Hanningtons has a long and varied history stretching back to 25 July 1808, when its founder, Smith Hannington, opened a draper’s shop at 3 North Street. By the Regency period, the shop had expanded and in 1816 the store received a Royal Warrant from George IV. The royal connection meant that Hanningtons became known as the ‘Harrods of Brighton’. 

View of the Countess of Huntingtons Chapel which was demolished in 1972. Hanningtons can be seen both next to and opposite to the church
View of the Countess of Huntingtons Chapel which was demolished in 1972. Hanningtons can be seen both next to and opposite to the church

In the first half of the nineteenth century, Hanningtons expanded further, pioneering the practice of using in-store concessions gradually becoming an early form of department store.

By 1862, Charles Hannington, Smith Hannington’s son, had taken over the business, and acquired two more buildings on North Street. He commissioned architect William Russell to unite all the North Street shop units into a single store with a common architectural theme – and Hannington’s storefront starts to become the building that we recognise today.

Smith Hannington c.1830.
Smith Hannington c.1830.

The exterior of the building was not the only thing to change. In second half of the nineteenth century, Hanningtons began to face competition from other shops such as Knight and Wakefield’s and Vokins; in response, the business was forced to diversify.
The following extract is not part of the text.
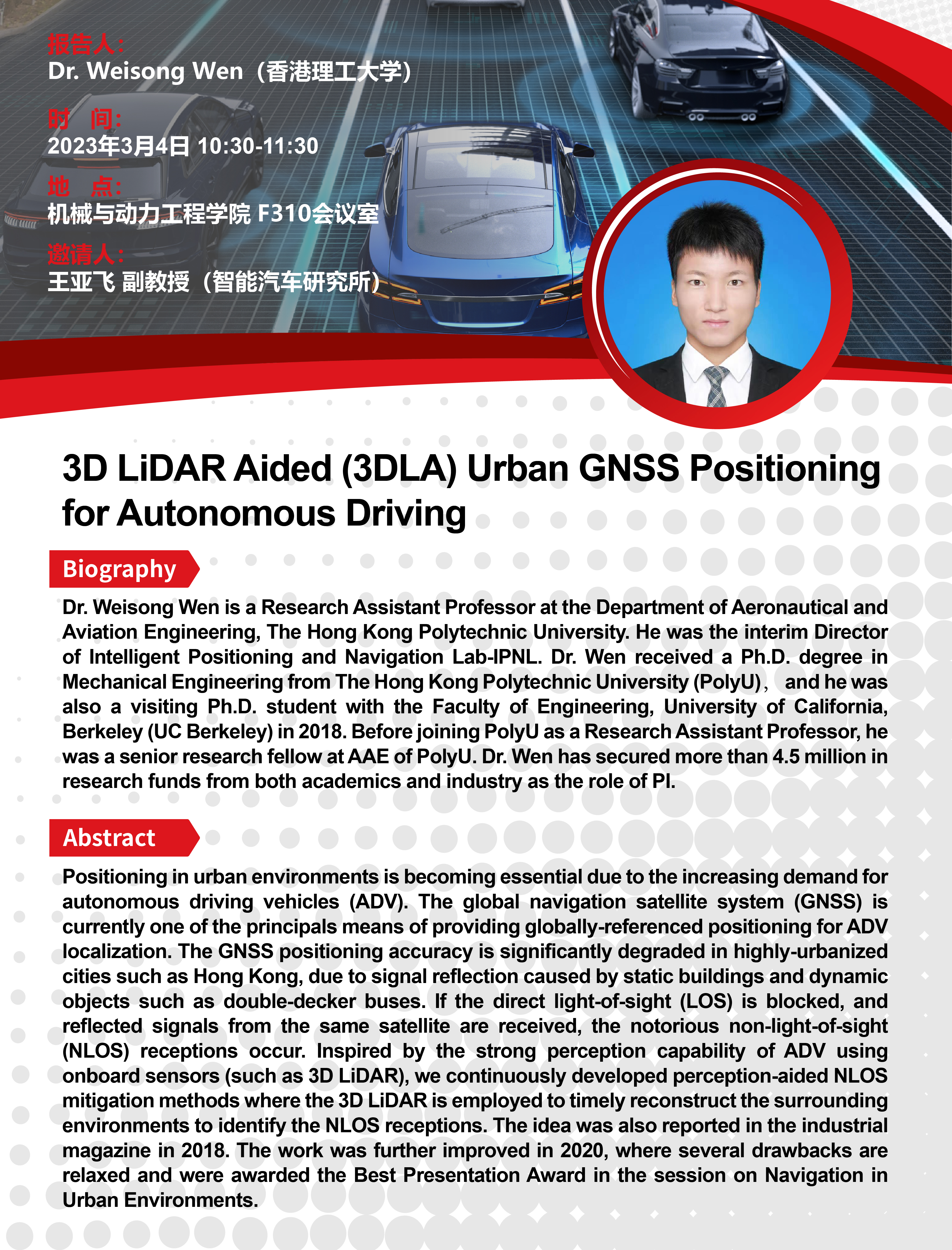Speaker: Dr. Weisong Wen (The Hong Kong Polytechnic University)

By the 1890s Hanningtons was offering funeral services alongside its regular retail staples such as clothing and millinery. 

Moving into the early twentieth century, the business began to advertise its services in print publications, with one advertisement in the Brighton Season from 1920, describing how Hanningtons was ‘famed for Richness of Quality Undoubted Reliability and Moderate Prices’.

This is a paper bag from Hanningtons department store, Brighton, which as printed on the bag, was established in 1808.
Paper bag from Hanningtons department store, Brighton, which as printed on the bag, was established in 1808.

The store moved out of family ownership in 1966 on the death of the last member of the Hannington family but continued to trade throughout the 1960s and 1970s. The late 1980s saw the beginning of a slow decline. Other independent department stores in Brighton began to close and the Hanningtons building suffered several fires.

 Ruth Compton, a manageress at Hanningtons in the early 20th century.
Ruth Compton, a manageress at Hanningtons in the early 20th century.

The major redevelopment of Churchill Square, which opened in 1998, hastened the decline of Hanningtons. Central Brighton’s final independent department store simply could not compete, and the tills at the ‘Harrods of Brighton’ rang for the last time on 30 June 2001.